Tuesday, December 30, 2003

Dean vs. Clark

Go here for an insightful analysis from Sterling Newberry of the coming Dean vs. Clark race for the Democratic nomination.

I was especially taken with Sterling's points on the thinking of some Democratic party insiders. Their opposition to Dean is not so much a matter of whether they think he can or cannot beat Bush but rather what impact his nomination will have on down-ticket elections, especially the five open Democratic Senate seats in the South. There is the feeling that of the two, Dean or Clark, Clark is the one who gives them the best chance of retaining those seats, regardless of whether Clark has any chance of beating Bush. So the political calculus may be to write off the White House and hope for the best in the Senate.

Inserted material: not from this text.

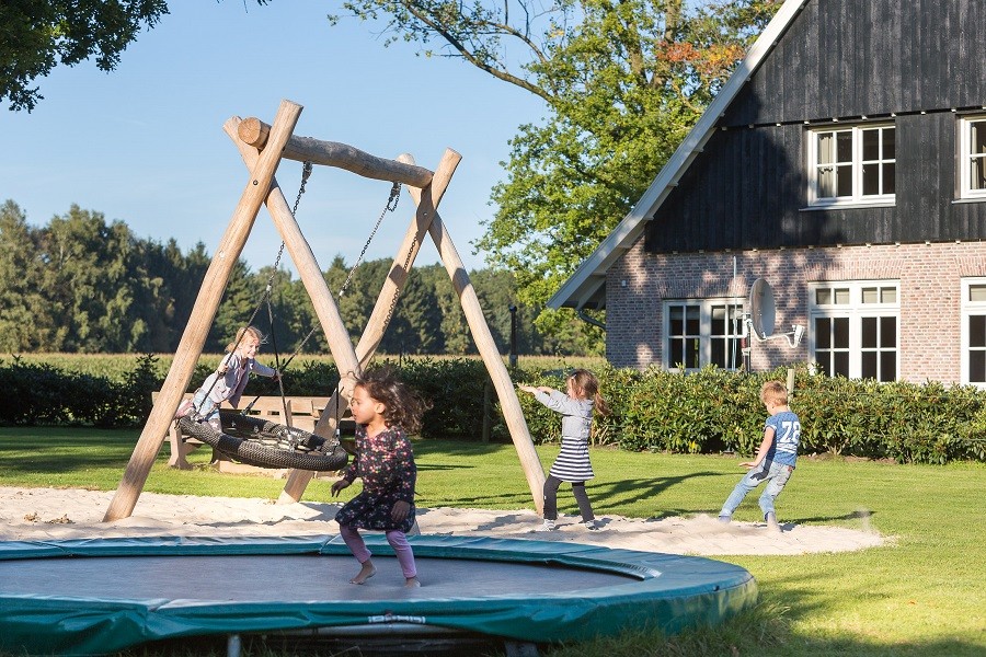 Luxe (groeps)vakantiehuizen met hottub op een terrein met veel speelmogelijkheden in Twente.

If this is so, and I think it is, than it is yet another demonstration of the loser strategy that has dominated Democratic political thinking for the last couple of election cycles: play defense, staunch our wounds, don't risk making things worse and hope for the best in the future. The reason this is a loser strategy is because it almost inevitably leads to the very things it is defined to defend against: Democrats are increasingly seen as wimps, they  lose more power and their future prospects become dimmer and dimmer.

Dean may not be the figure that leads the Democrats out of the wilderness. But until someone actually tries to do it the best the Democrats can hope for is to not walk even farther into the gloom.